Step 5: Get Nationally Certified

After graduating, you must pass a national certification exam before you can practice. Two organizations offer NP certification. The American Academy of Nurse Practitioners Certification Board (AANP) offers exams in family, adult-gerontology primary care, and emergency NP tracks. The American Nurses Credentialing Center (ANCC) offers exams in family, adult-gerontology primary care, adult-gerontology acute care, and psychiatric-mental health tracks.

Which exam you take depends on your specialty. If you’re a family NP, you can choose either the AANP or ANCC exam. If you specialized in psychiatric-mental health, you’ll go through the ANCC, since the AANP doesn’t offer that certification. Both exams are widely accepted by employers and state boards. Certification must be renewed periodically, which requires continuing education hours and ongoing clinical practice.

Step 6: Obtain State Licensure

With your graduate degree and national certification in hand, you apply for NP licensure through your state’s board of nursing. Each state has its own requirements and scope-of-practice rules. In some states, NPs have full practice authority, meaning they can evaluate patients, diagnose conditions, and prescribe medications independently. In others, NPs must maintain a collaborative agreement with a physician. The licensing process itself involves submitting transcripts, proof of certification, and fees, and it typically takes a few weeks to process.

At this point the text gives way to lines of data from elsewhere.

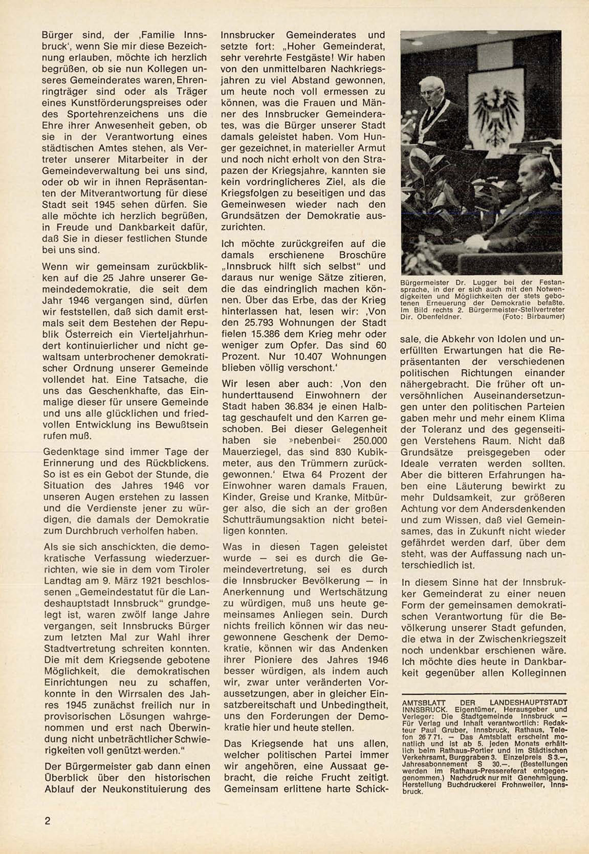 Für V e r l a g und Inhalt verantwortlich: R e d a k teur Paul G r u b e r , Innsbruck, Rathaus, T e l e fon 26 7 71. — Das Amtsblatt erscheint m o natlich und ist a b 5. j e d e n M o n a t s erhältlich b e i m R a t h a u s - P o r t i e r u n d im Städtischen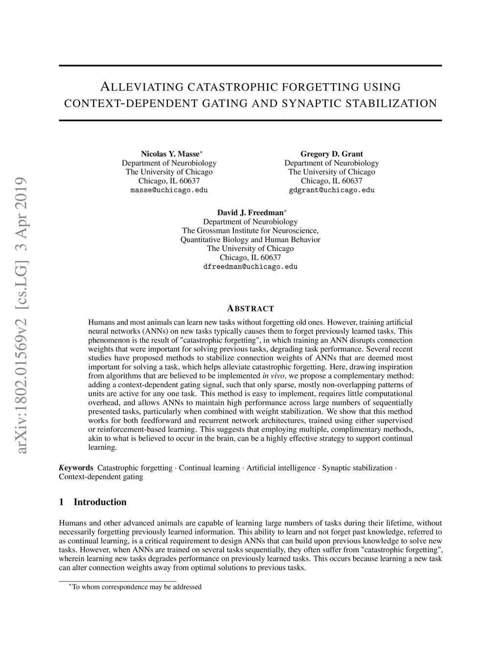 Humans and most animals can learn new tasks without forgetting old ones. However, training artificial neural networks (ANNs) on new tasks typically cause it to forget previously learned tasks. This phenomenon is the result of "catastrophic forgetting", in which training an ANN disrupts connection weights that were important for solving previous tasks, degrading task performance. Several recent studies have proposed methods to stabilize connection weights of ANNs that are deemed most important for solving a task, which helps alleviate catastrophic forgetting. Here, drawing inspiration from algorithms that are believed to be implemented in vivo, we propose a complementary method: adding a context-dependent gating signal, such that only sparse, mostly non-overlapping patterns of units are active for any one task. This method is easy to implement, requires little computational overhead, and allows ANNs to maintain high performance across large numbers of sequentially presented tasks when combined with weight stabilization. This work provides another example of how neuroscience-inspired algorithms can benefit ANN design and capability.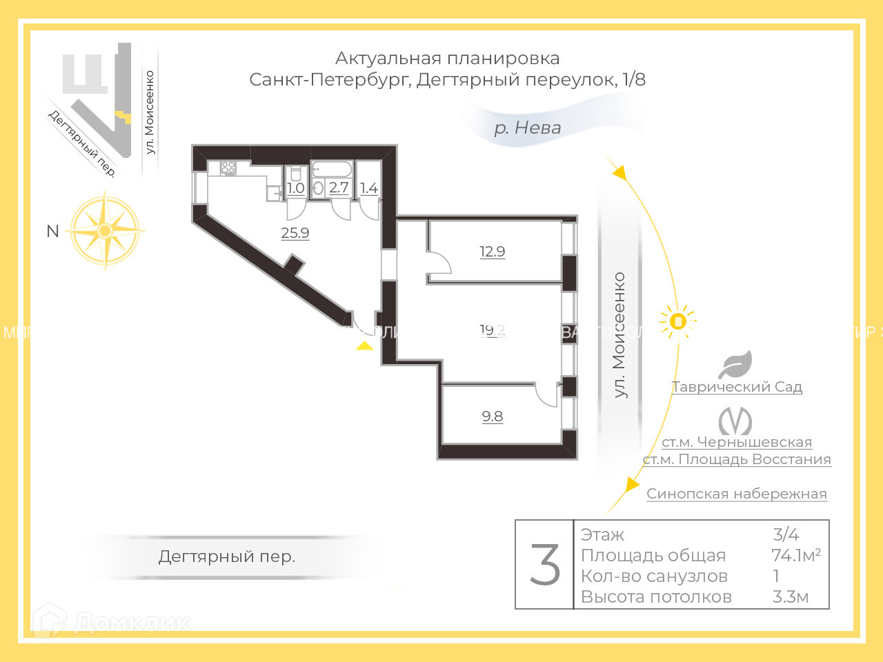 3-комнатная квартира, 74.1 м2, этаж 3 / 4, на продажу в Санкт-Петербурге, Дегтярный переулок, 1/8А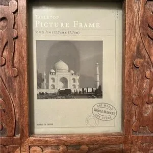 World Market wooden tabletop picture frame holds 5 x 7 pictures. Made in India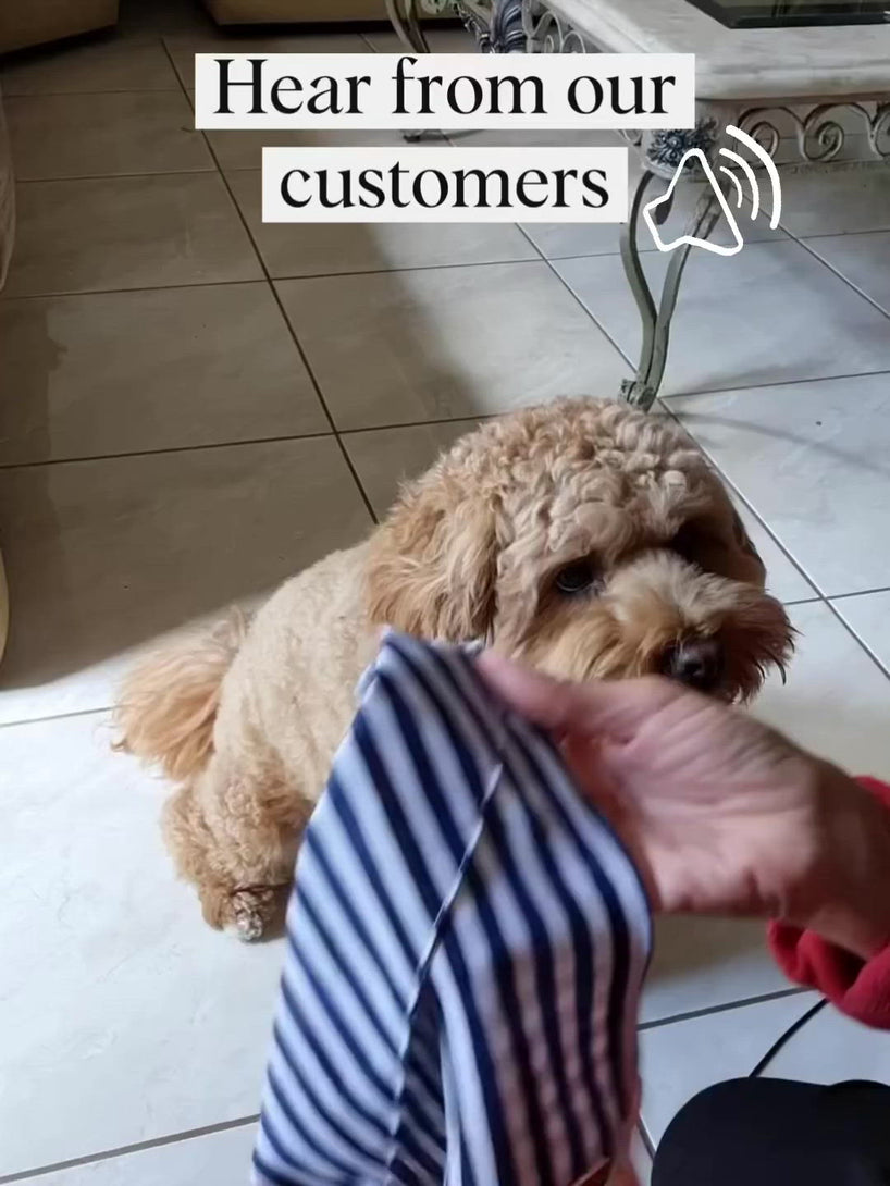 In our first year of starting PUPSTYLE, we offered both a tie-up bandana style and one that thread over the collar. Our customers loved the tie-up style because it was quick and easy to take on and off, but they would often come loose and untie themselves.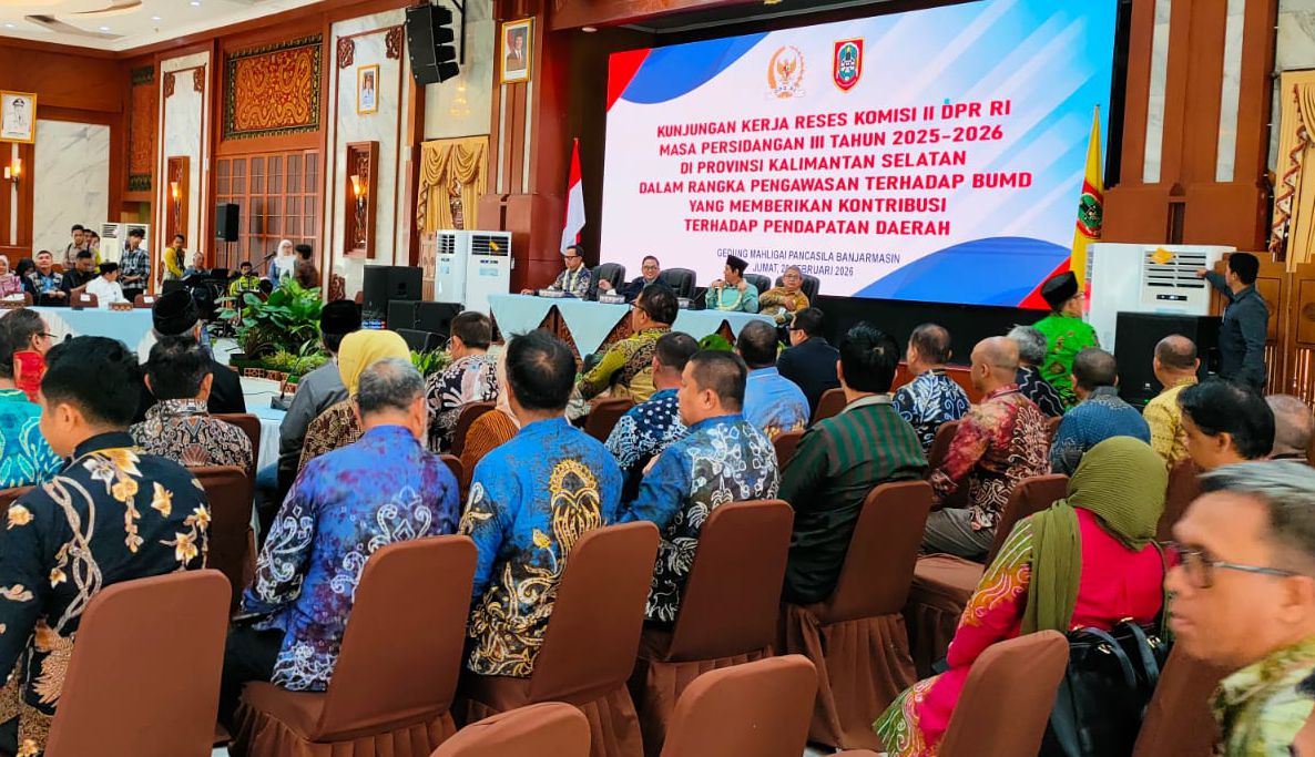 BANJARMASIN, InfoPublik - Bappedalitbang Kabupaten Banjar yang diwakili langsung oleh Kepala Badan Nashrullah Shadiq bersama kepala Bappeda kabupaten/kota turut menghadiri Rapat Kunjungan Kerja Reses Komisi II DPR RI Masa Persidangan III Tahun Sidang 2025–2026 di Provinsi Kalimantan Selatan.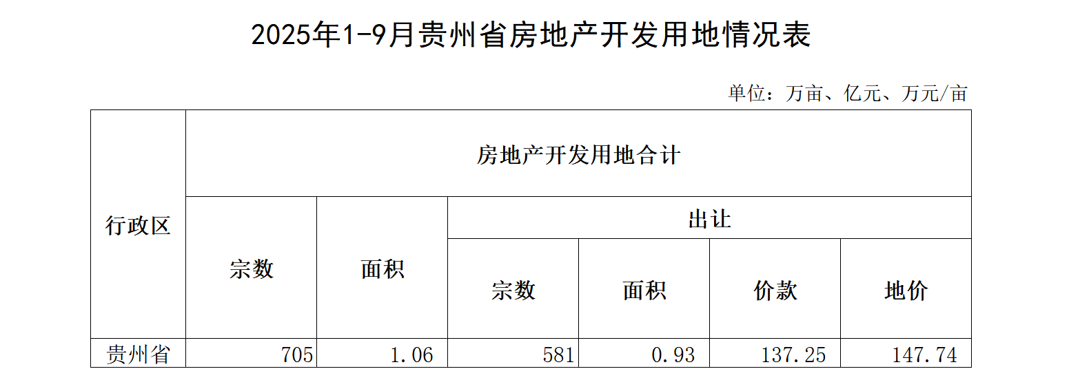 2025年1-9月贵州省房地产开发用地情况表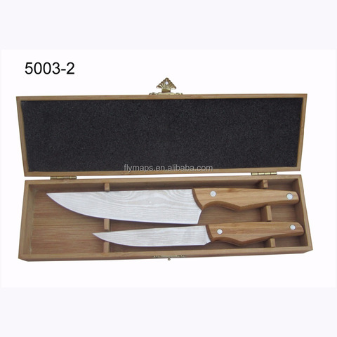 2 pz set rivestimento di damasco chef e taglierino in scatola regalo in legno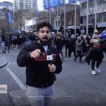 In September 2021 police ‘kettled’ protestors in the city and pushed them towards the Shrine of Remembrance, an iconic war memorial in Melbourne. There police in all black riot gear shot unarmed people, some singing the national anthem, with rubber and pepper bullets.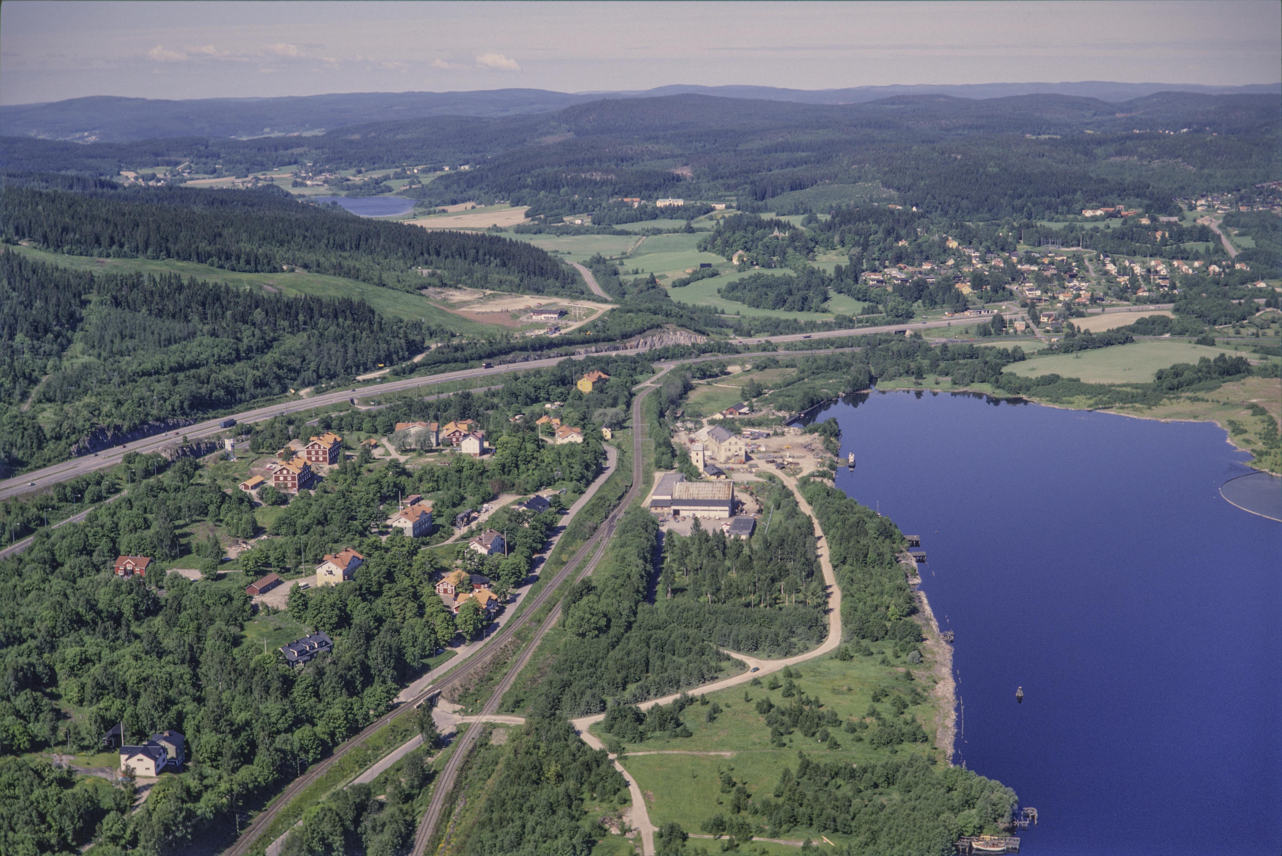 Beskrivning: Nere till höger Skönviken i Alnösundet. I viken går gränsen mellan socknen Skön (i bildens nedre del) och Timrå (i bildens övre del). Sågverksorten Skönvik i bildens nedre del. "Villa Merlo slott" (i området Märlo, väster i Timrå tätort) skymtas till höger över bildens mitt. Bilden är tagen mot (väderstreck): V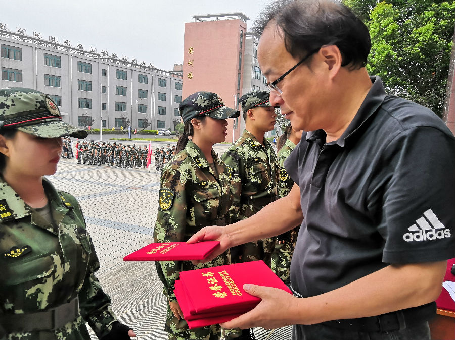 安徽安庆技师学院2019级新生军训自8月16日开训,9月5日落下帷幕。多日来,操场上铿锵的口令、无数次不厌其烦的动作示范、被灸热的阳光晒黑的面庞、浸透了汗水的衣衫、教官们飒爽的英姿、严谨的作风、严明的纪律、吃苦耐劳的精神、过硬的军事素质,将永远定格在技师学院全体师生的记忆中。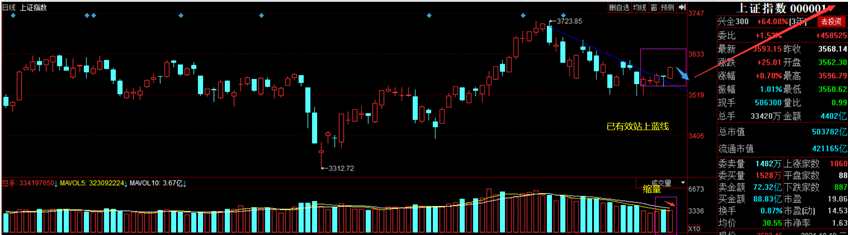 根據(jù)經(jīng)典技術(shù)分析,有效站上壓力位后,或有效突破頸線后,基本都有向下回抽確認(rèn)動(dòng)作。今日滬指有效站上藍(lán)線,后幾日隨時(shí)應(yīng)該有回抽短調(diào),這個(gè)和今日縮量的暗示是一致的。回抽時(shí),由于藍(lán)線是下移狀態(tài),不排除滬指會(huì)出現(xiàn)極端走勢(shì)比如考驗(yàn)甚至略破3515。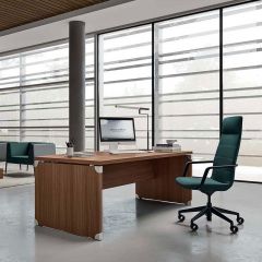 Halfrond luxe directiebureau verkrijgbaar voorzien van een frontpaneel onder het bureau. Standaard is het bureau voorzien van een mooie en praktische aanbouw met ladeblok zodat niet alleen het bureau wordt vergroot, maar ook direct handige opbergruimte gecreëerd wordt. U kunt dan uit diverse handgrepen kiezen. Het bureau kan ook worden geleverd zonder aanbouw. Het bureau heeft een robuust en stijlvol uiterlijk door de grote ronde poten en het metalen frontpaneel. Het blad en de panelen zijn afgewerkt met een toplaag van zeer goede kwaliteit melamine (wasbaar, antikras en antispiegeling).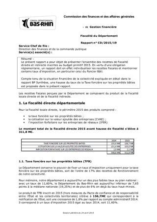 Le présent rapport a pour objet de présenter l'ensemble des recettes de fiscalité directe et indirecte inscrites au budget primitif 2015. En vertu d'une obligation réglementaire, un rapport doit en effet individualiser les recettes fiscales et mentionner certains taux d'imposition, en particulier celui du Foncier Bâti. Compte tenu de la situation financière de la collectivité expliquée en détail dans le rapport BP Synthèse, une hausse du taux de la Taxe foncière sur les propriétés bâties est proposée dans le présent rapport.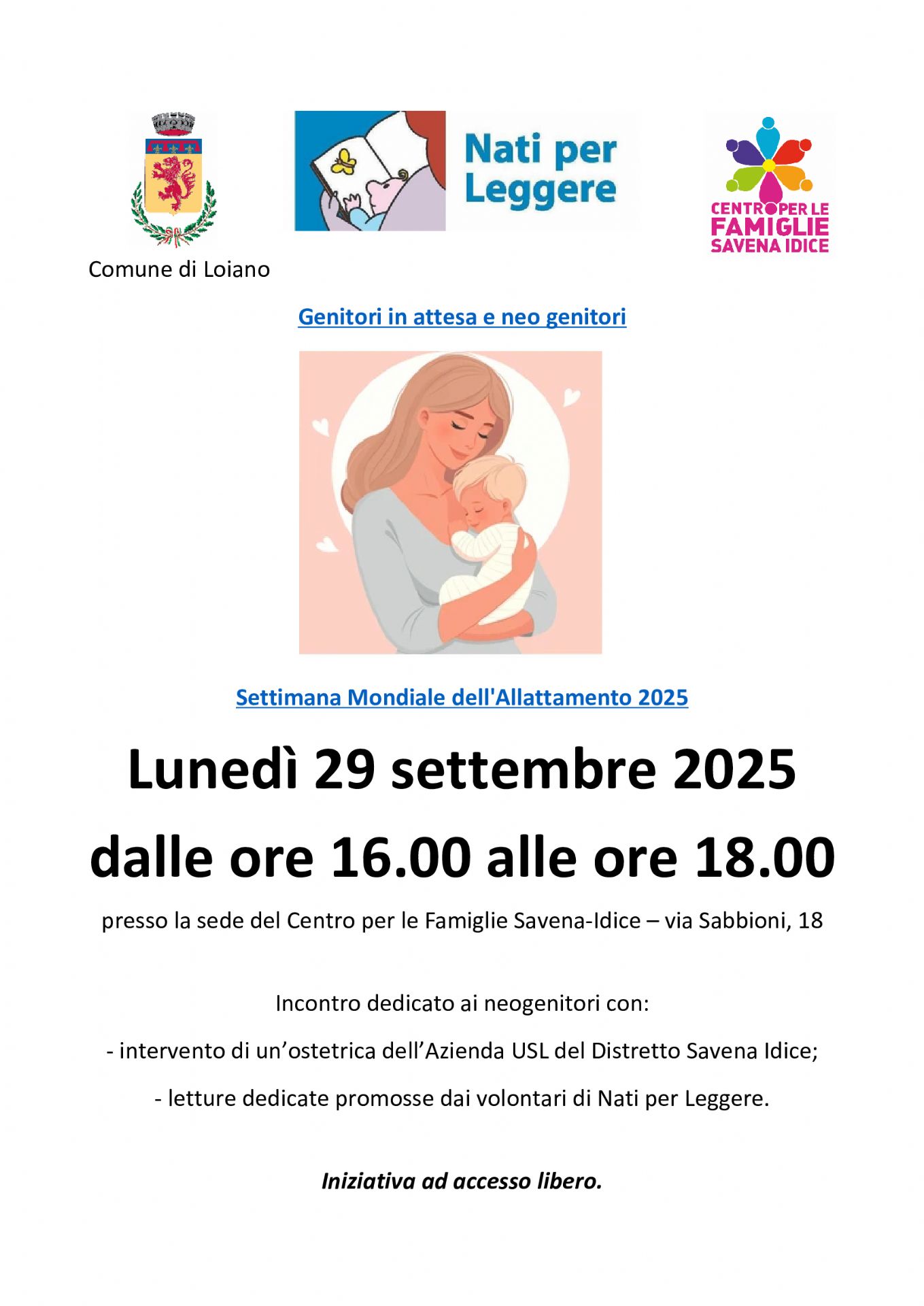 L'iniziativa è rivolta a tutti i neogenitori e prevede l'intervento di un’ostetrica dell’Azienda USL del Distretto Savena Idice e una serie di letture dedicate, promosse dai volontari di Nati per Leggere.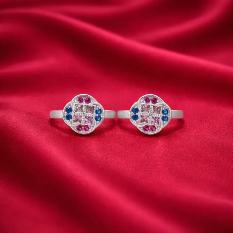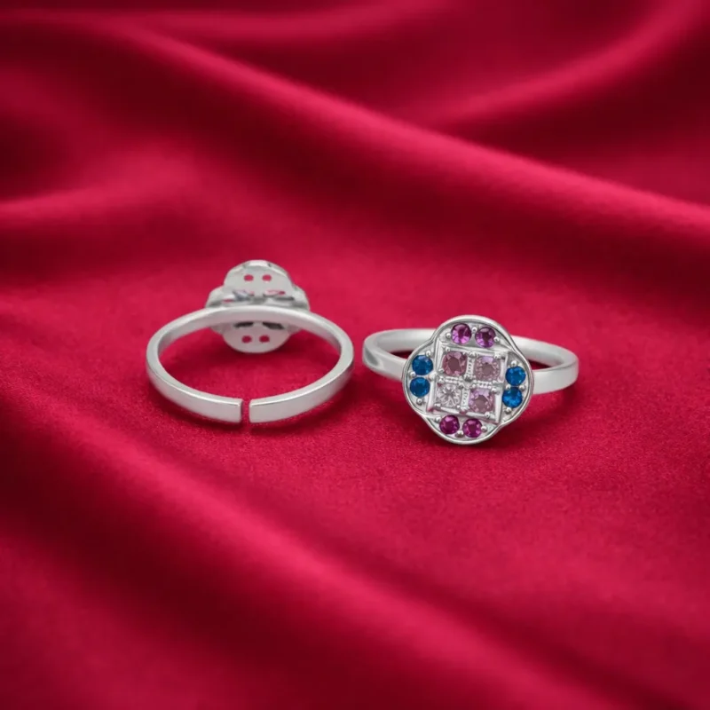 The polished silver band ensures a comfortable and lightweight fit, making the toe ring ideal for everyday wear as well as festive occasions. Its multicolor stone combination allows it to complement both traditional and modern outfits effortlessly.

Total Timeline at a Glance

For someone starting from scratch, the fastest realistic path is about six years: four years for a BSN, then two years for an MSN completed full-time. A BSN-to-DNP route takes seven to eight years total. If you work as an RN between degrees or attend part-time, the total stretches to eight to ten years. Many NPs take the longer route deliberately, building clinical skills and earning a paycheck while studying part-time.

Salary and Job Outlook

The investment pays off in strong earning potential and exceptional job security. Nurse practitioners earned a median annual salary of $129,210 in May 2024, according to the Bureau of Labor Statistics. Employment for NPs is projected to grow 40 percent from 2024 to 2034, which is dramatically faster than the average for all occupations. That growth is driven by an aging population, expanded insurance coverage, physician shortages in primary care, and increasing recognition of NPs as cost-effective providers. NPs who specialize in psychiatric-mental health or work in rural and underserved areas often find the strongest demand.